── INFORMATION GIVEN
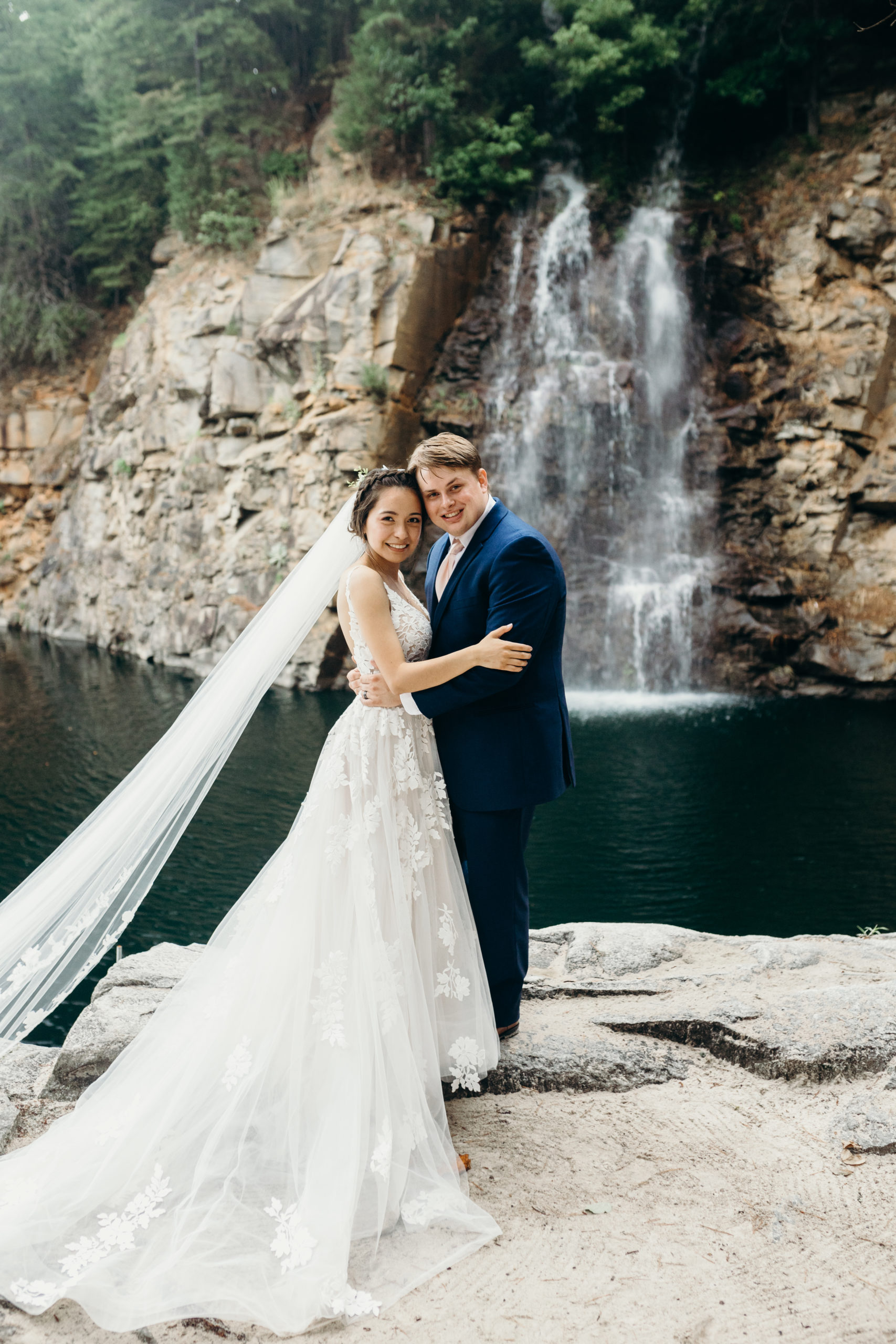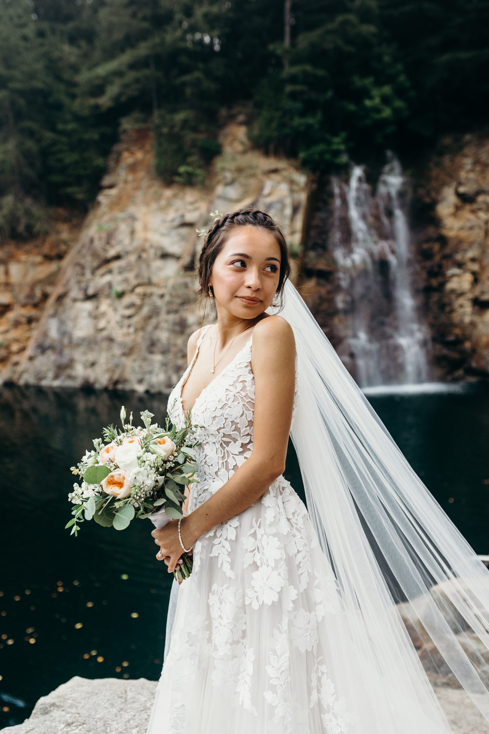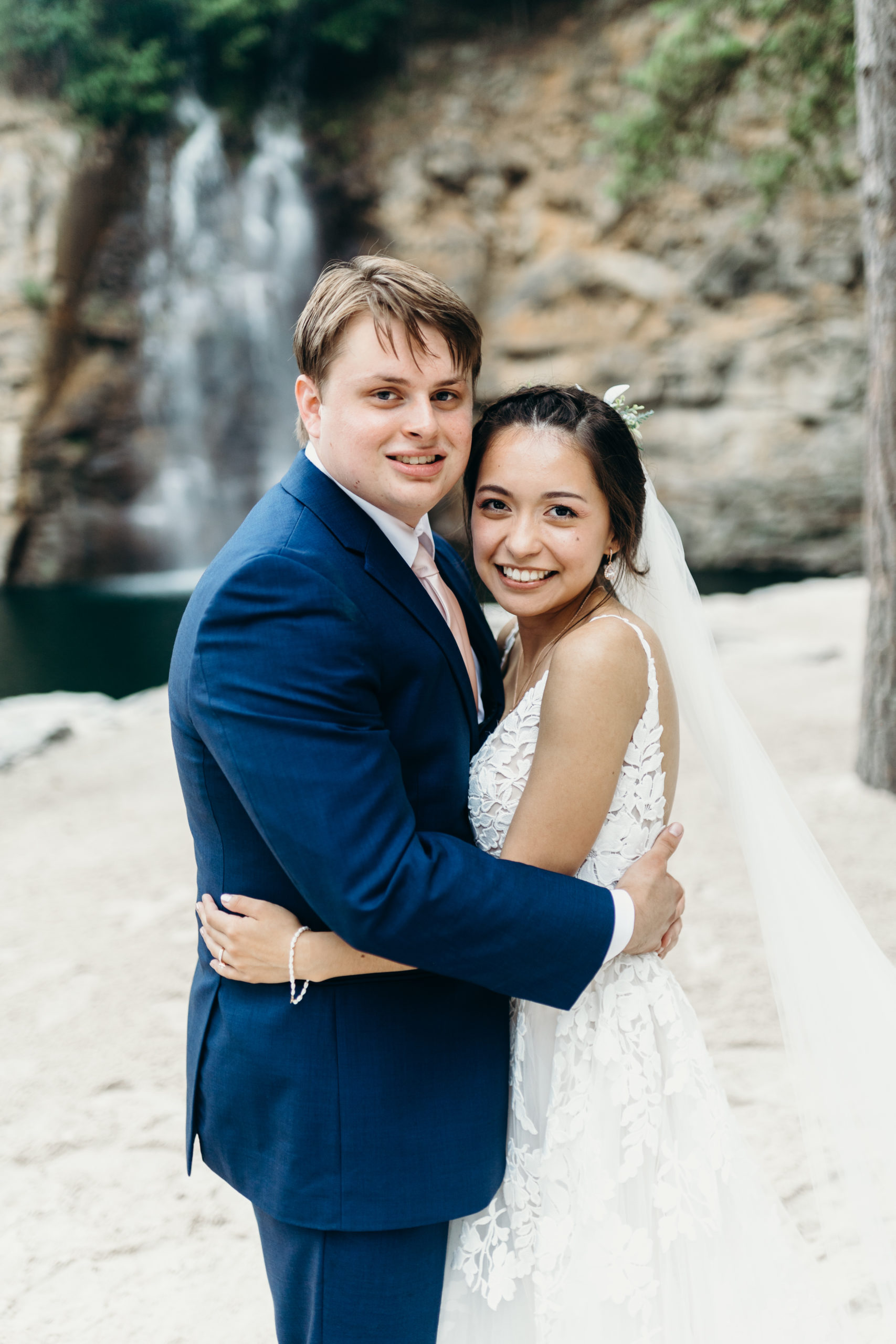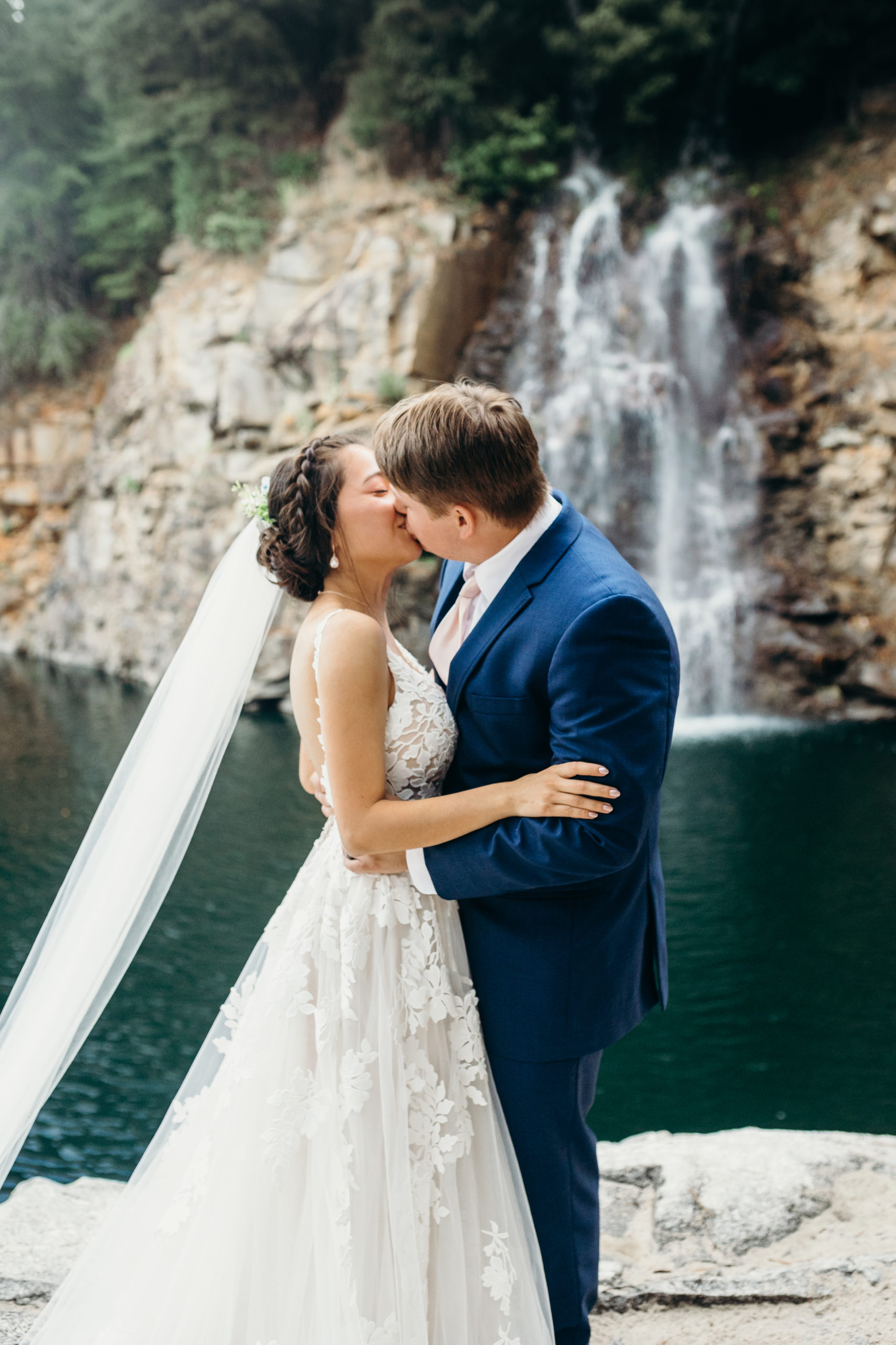 Preceding her was family dogs and mom, followed by her arm in arm with her father! It was absolutely perfect. Her dress was the most beautiful lace with a gorgeous train, perfect for her bohemian glam look. Their ceremony location was at so pretty nestled in the trees with the rock quarry & waterfall in the background, that made its appearance as soon as they were announced Husband & Wife. It was such an incredible day & I am so excited to share the photos with you.
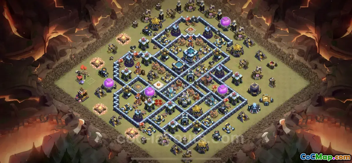 The best anti-three stars war base for Town Hall level 13 is designed to effectively counter attacks from opponents, particularly those utilizing air units such as Electro Dragons. These bases are meticulously crafted to minimize the chances of an adversary achieving a three-star victory, which is critical in Clan Wars. The layout prioritizes strategic placement of defenses, traps, and buildings to create a difficult challenge for attackers, especially those relying on air assault strategies.
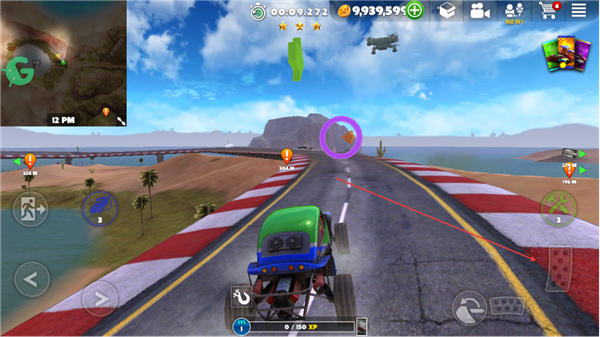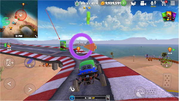 4、驾驶车辆穿过紫色圆环,完成赛道阶段的目标,推进游戏进程。
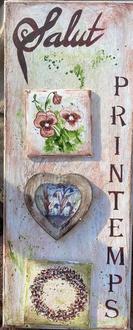 Wir malen zunächst einfache Frühlingsmotive auf Minileinwände, dann bereiten wir die 50 x 20 cm große Leinwand vor in Mal- und Schablonentechniken im Frühlingsdesign und nach Wahl mit Schrift, die in Schablonentechnik aufgebracht wird. Abschließend verbinden wir die vorbereiteten Elemente mit der Leinwand.
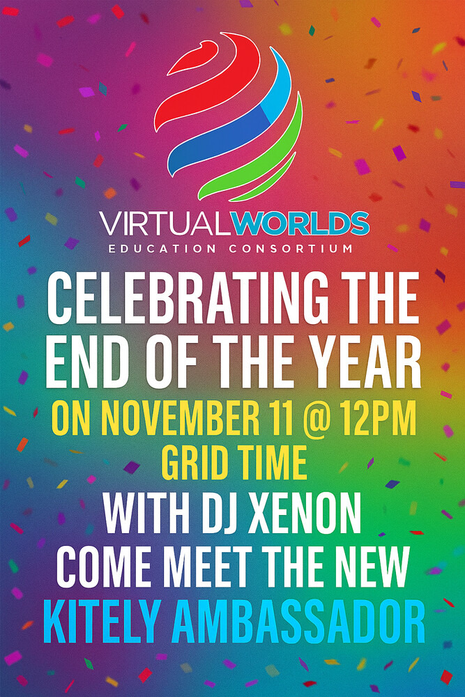| VWEC Closing Party: Let’s Wrap Up the Year in Style! ? | VWEC | Join us as the Virtual Worlds Education Consortium (VWEC) celebrates another amazing year of creativity, collaboration, and innovation in virtual education! Date: November 18 Time: 11 AM - noon Grid Time Featuring: DJ Xenon spinning the beats that bring the grid to life Location: Come dance, laugh, and connect with friends old and new as we toast to the future. And don’t miss the chance to meet the new Kitely Ambassador! It’s more than a party. It’s a celebration of everything we’ve built together! | 2025-11-18 11:00:00 | ![]() | Click Here | Xenon Darrow |
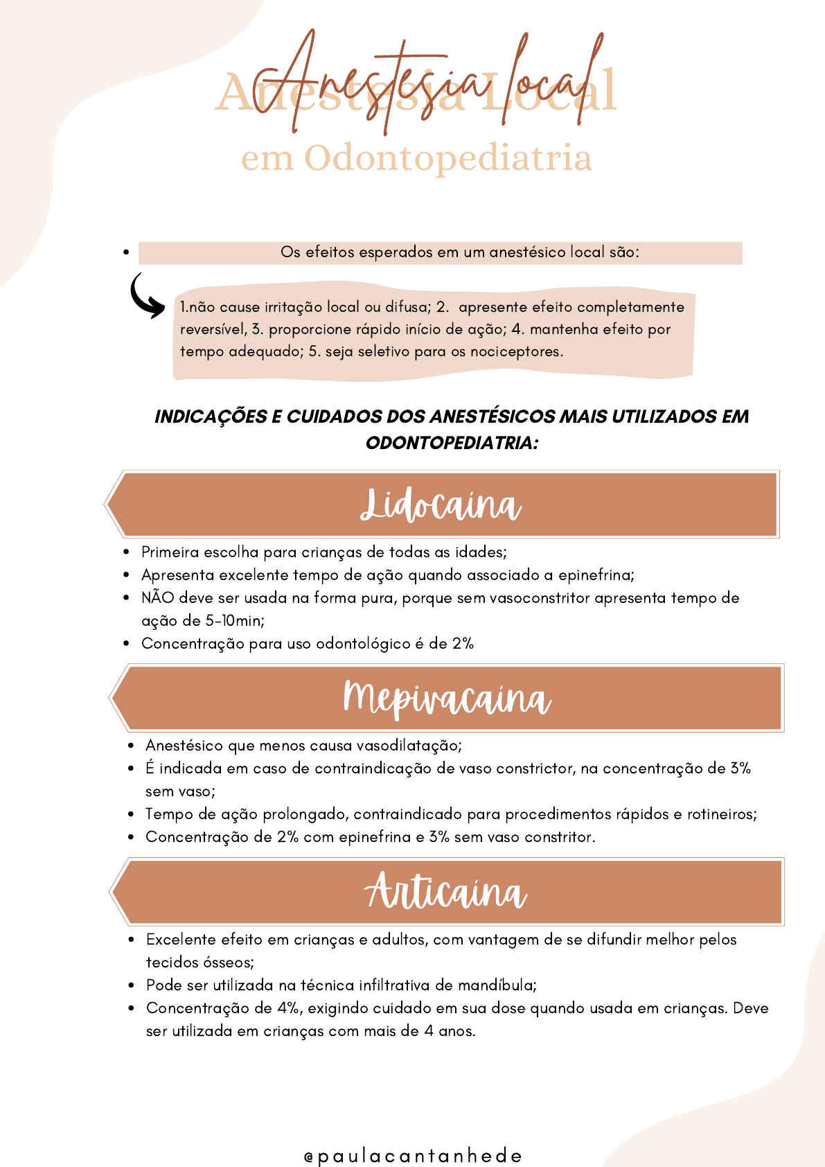 Os efeitos esperados em um anestésico local são: Primeira escolha para crianças de todas as idades; Apresenta excelente tempo de ação quando associado a epinefrina; NÃO deve ser usada na forma pura, porque sem vasoconstritor apresenta tempo de ação de 5-10min; Concentração para uso odontológico é de 2% Anestesia Local em Odontopediatria Anestesia local 1.não cause irritação local ou difusa; 2. apresente efeito completamente reversível, 3. proporcione rápido início de ação; 4. mantenha efeito por tempo adequado; 5. seja seletivo para os nociceptores. Lidocaína Anestésico que menos causa vasodilatação; É indicada em caso de contraindicação de vaso constrictor, na concentração de 3% sem vaso; Tempo de ação prolongado, contraindicado para procedimentos rápidos e rotineiros; Concentração de 2% com epinefrina e 3% sem vaso constritor. Mepivacaína Excelente efeito em crianças e adultos, com vantagem de se difundir melhor pelos tecidos ósseos; Pode ser utilizada na técnica infiltrativa de mandíbula; Concentração de 4%, exigindo cuidado em sua dose quando usada em crianças. Deve ser utilizada em crianças com mais de 4 anos. Articaína INDICAÇÕES E CUIDADOS DOS ANESTÉSICOS MAIS UTILIZADOS EM ODONTOPEDIATRIA: @ p a u l a c a n t a n h e d e Prilocaína Duração intermediária próximo a Lidocaína; Associado ao vasoconstritor não adrenérgico felipressina; Traz risco a alguns grupos de pacientes, como exemplo, crianças com metemoglobina ou anemia; O vasoconstritor usado não apresenta o mesmo efeito da epinefrina; Bupivacaína NÃO é um anestésico de eleição para odontopediatria; apresenta longo tempo de ação. @ p a u l a c a n t a n h e d e
────
Transcribe all entries above exactly. Drop the pictures.

**OUTPUT OF THE TASK**.
 Preceding her was family dogs and mom, followed by her arm in arm with her father! It was absolutely perfect. Her dress was the most beautiful lace with a gorgeous train, perfect for her bohemian glam look. Their ceremony location was at so pretty nestled in the trees with the rock quarry & waterfall in the background, that made its appearance as soon as they were announced Husband & Wife. It was such an incredible day & I am so excited to share the photos with you.
 The best anti-three stars war base for Town Hall level 13 is designed to effectively counter attacks from opponents, particularly those utilizing air units such as Electro Dragons. These bases are meticulously crafted to minimize the chances of an adversary achieving a three-star victory, which is critical in Clan Wars. The layout prioritizes strategic placement of defenses, traps, and buildings to create a difficult challenge for attackers, especially those relying on air assault strategies.
 4、驾驶车辆穿过紫色圆环,完成赛道阶段的目标,推进游戏进程。
 Wir malen zunächst einfache Frühlingsmotive auf Minileinwände, dann bereiten wir die 50 x 20 cm große Leinwand vor in Mal- und Schablonentechniken im Frühlingsdesign und nach Wahl mit Schrift, die in Schablonentechnik aufgebracht wird. Abschließend verbinden wir die vorbereiteten Elemente mit der Leinwand.
| VWEC Closing Party: Let’s Wrap Up the Year in Style! ? | VWEC | Join us as the Virtual Worlds Education Consortium (VWEC) celebrates another amazing year of creativity, collaboration, and innovation in virtual education! Date: November 18 Time: 11 AM - noon Grid Time Featuring: DJ Xenon spinning the beats that bring the grid to life Location: Come dance, laugh, and connect with friends old and new as we toast to the future. And don’t miss the chance to meet the new Kitely Ambassador! It’s more than a party. It’s a celebration of everything we’ve built together! | 2025-11-18 11:00:00 | ![]() | Click Here | Xenon Darrow |
 Os efeitos esperados em um anestésico local são: Primeira escolha para crianças de todas as idades; Apresenta excelente tempo de ação quando associado a epinefrina; NÃO deve ser usada na forma pura, porque sem vasoconstritor apresenta tempo de ação de 5-10min; Concentração para uso odontológico é de 2% Anestesia Local em Odontopediatria Anestesia local 1.não cause irritação local ou difusa; 2. apresente efeito completamente reversível, 3. proporcione rápido início de ação; 4. mantenha efeito por tempo adequado; 5. seja seletivo para os nociceptores. Lidocaína Anestésico que menos causa vasodilatação; É indicada em caso de contraindicação de vaso constrictor, na concentração de 3% sem vaso; Tempo de ação prolongado, contraindicado para procedimentos rápidos e rotineiros; Concentração de 2% com epinefrina e 3% sem vaso constritor. Mepivacaína Excelente efeito em crianças e adultos, com vantagem de se difundir melhor pelos tecidos ósseos; Pode ser utilizada na técnica infiltrativa de mandíbula; Concentração de 4%, exigindo cuidado em sua dose quando usada em crianças. Deve ser utilizada em crianças com mais de 4 anos. Articaína INDICAÇÕES E CUIDADOS DOS ANESTÉSICOS MAIS UTILIZADOS EM ODONTOPEDIATRIA: @ p a u l a c a n t a n h e d e Prilocaína Duração intermediária próximo a Lidocaína; Associado ao vasoconstritor não adrenérgico felipressina; Traz risco a alguns grupos de pacientes, como exemplo, crianças com metemoglobina ou anemia; O vasoconstritor usado não apresenta o mesmo efeito da epinefrina; Bupivacaína NÃO é um anestésico de eleição para odontopediatria; apresenta longo tempo de ação. @ p a u l a c a n t a n h e d e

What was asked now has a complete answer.